INSTRUCTIONS FOR THE TASK. Below are some records. Return exactly their lines from the one containing "(Real Image)2024 Styles" through the one containing "Very lightweight tunic, zips", and drop the pictures.
*** SOURCE RECORDS ***
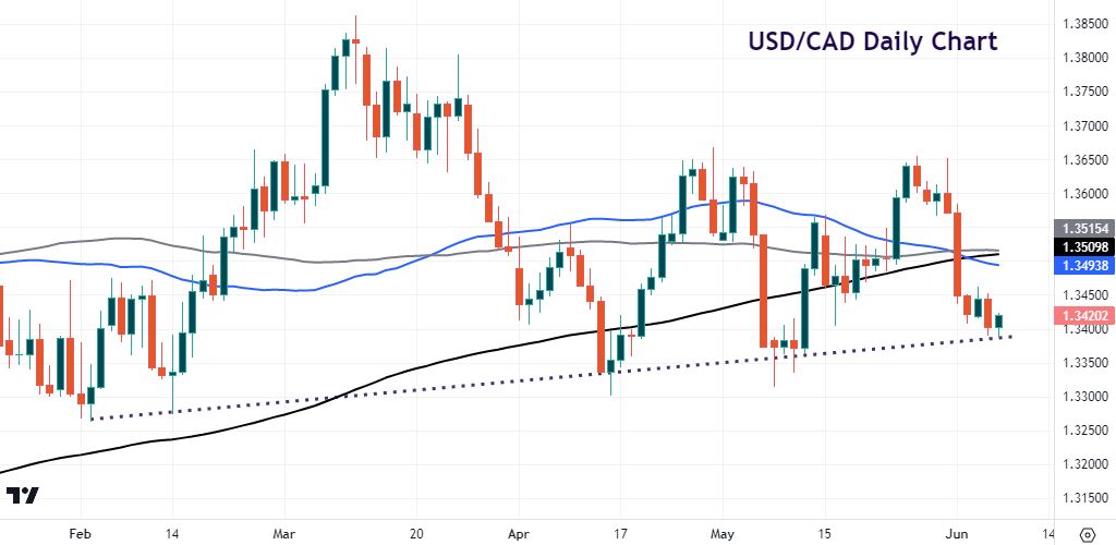 EUR dropped below 1.07 and remains lacklustre. Softer eurozone data and inflation expectations are painting a weakening economy in the region. GBP printed a relatively narrow range “inside day” around 1.24. USD/JPY pulled back from the resistance zone around 140 amid narrowing yield differentials. AUD is just about higher this morning, gaining for a fifth straight session. The RBA’s surprise hike was partially offset by disappointing Australian GDP and China trade data. The 200-day SMA sits at 0.6690. USD/CAD has touched trendline support just above 1.34 a couple of times ahead of the BoC rate decision later today. Consensus expects no change to rates.
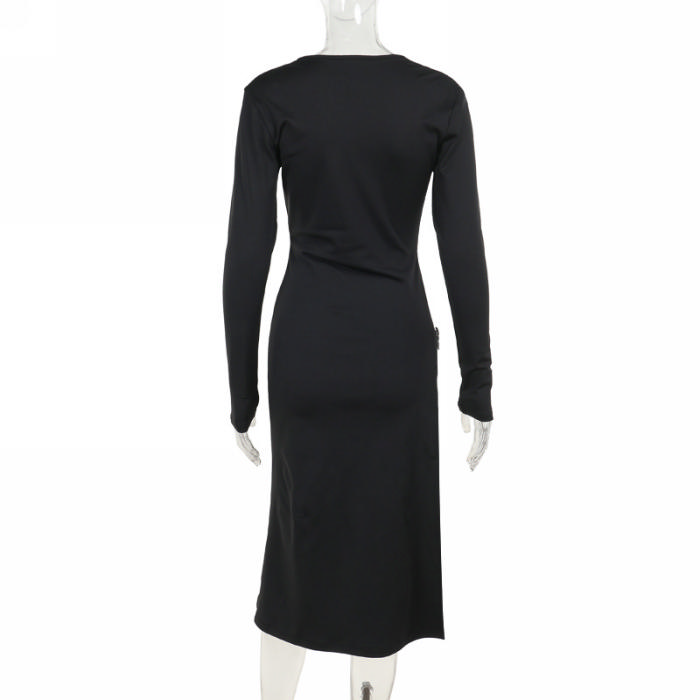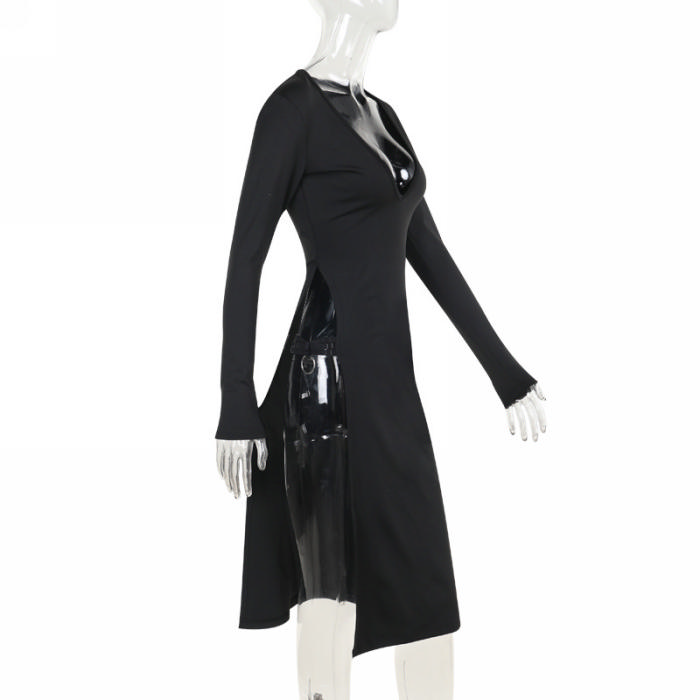 (Real Image)2024 Styles Women V-Neck High-Waist Slit DressSKU: #XF92948-1
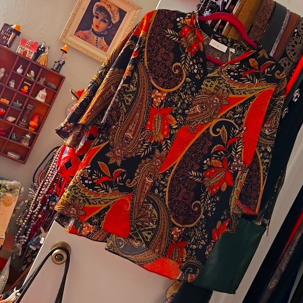 Very lightweight tunic, zips halfway down the front, bell sleeve slightly past elbow, and little longer in the back then the front but covers the tail
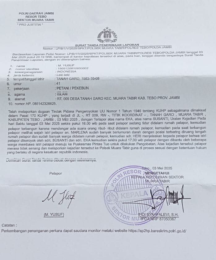 Tebo globalberita.id – M. Yusuf, suami korban Marlena, melaporkan dugaan tindak pidana pengeroyokan kepada Polsek Muara Tabir pada Jumat, 3 Mei 2025. Insiden tersebut terjadi di Jalan RI 008, Tanah Garo, Muara Tabir, Kabupaten Tebo, Jambi, pada Sabtu, 3 Mei 2025, sekitar pukul 16.00 WIB.
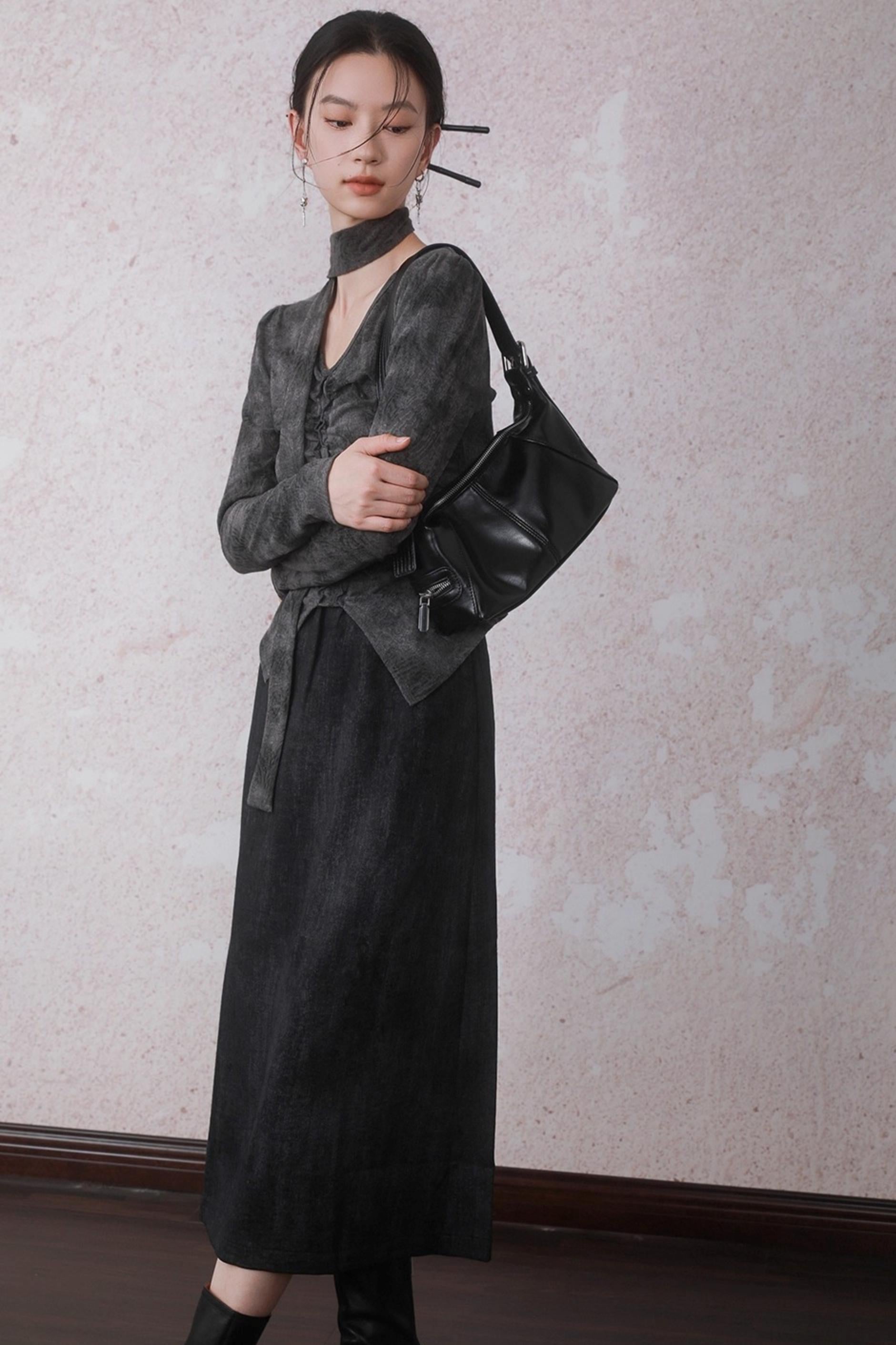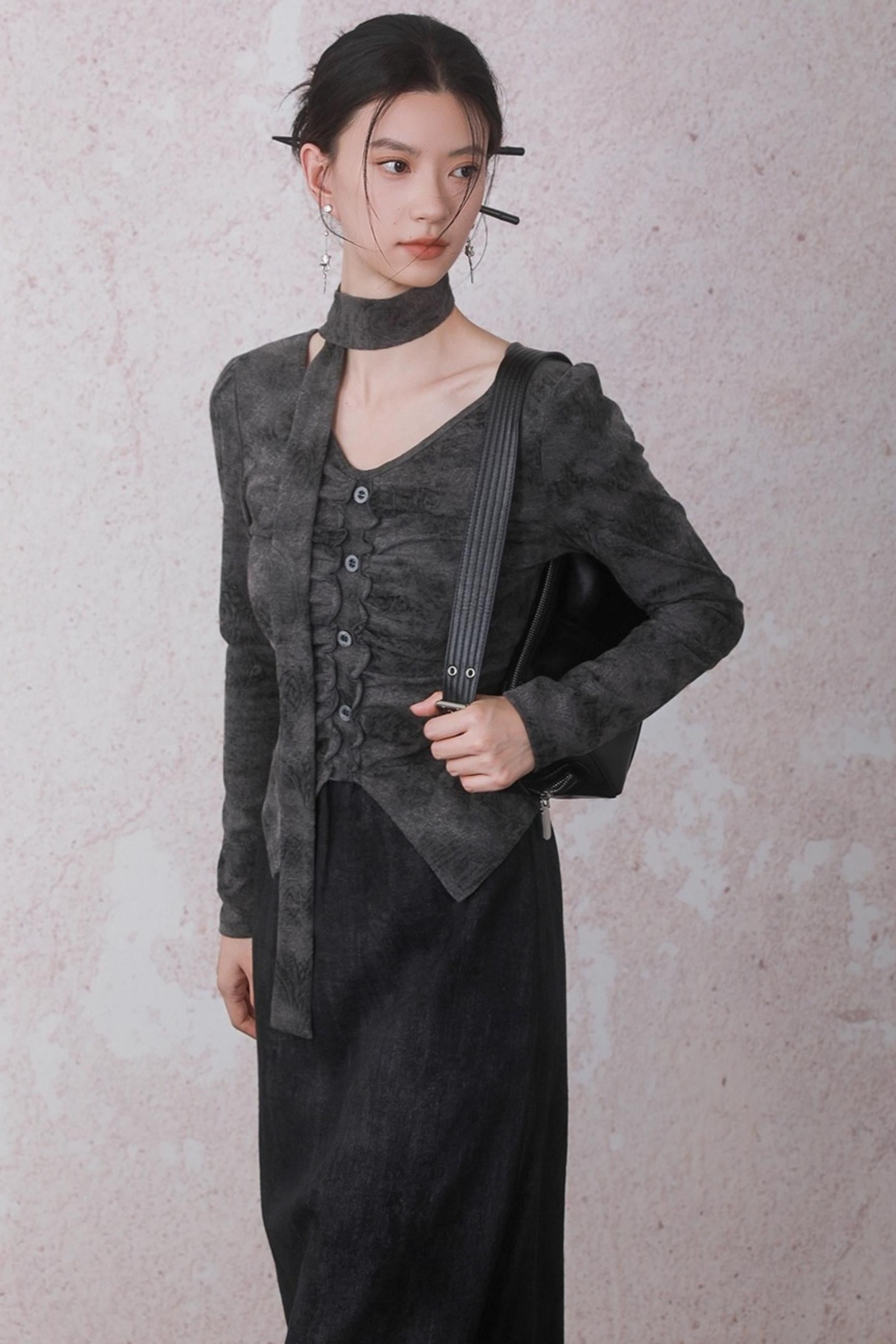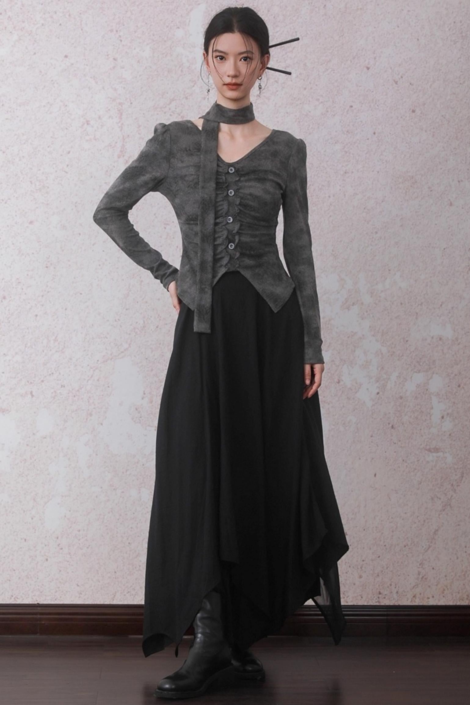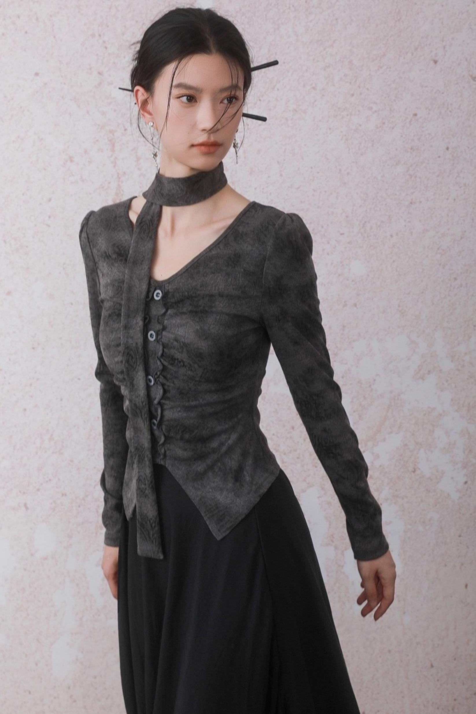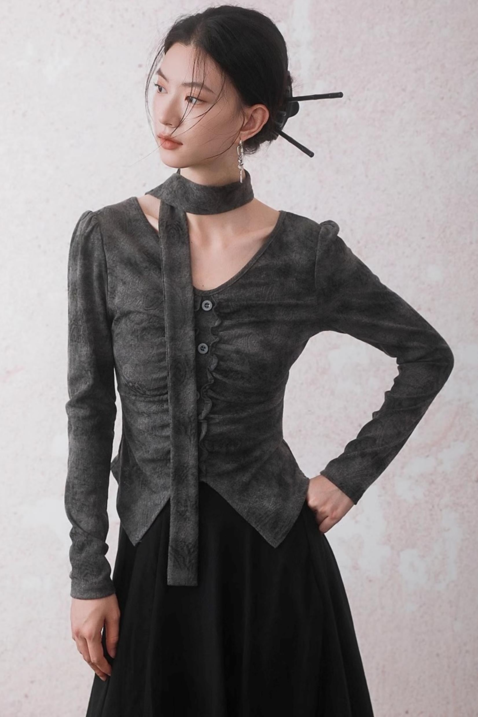 Autumn Gray Tie-dye Knitted V-Neck T-Shirt
*** End of SOURCE RECORDS ***
OUTPUT FOR THIS EXERCISE.
 (Real Image)2024 Styles Women V-Neck High-Waist Slit DressSKU: #XF92948-1
 Very lightweight tunic, zips halfway down the front, bell sleeve slightly past elbow, and little longer in the back then the front but covers the tail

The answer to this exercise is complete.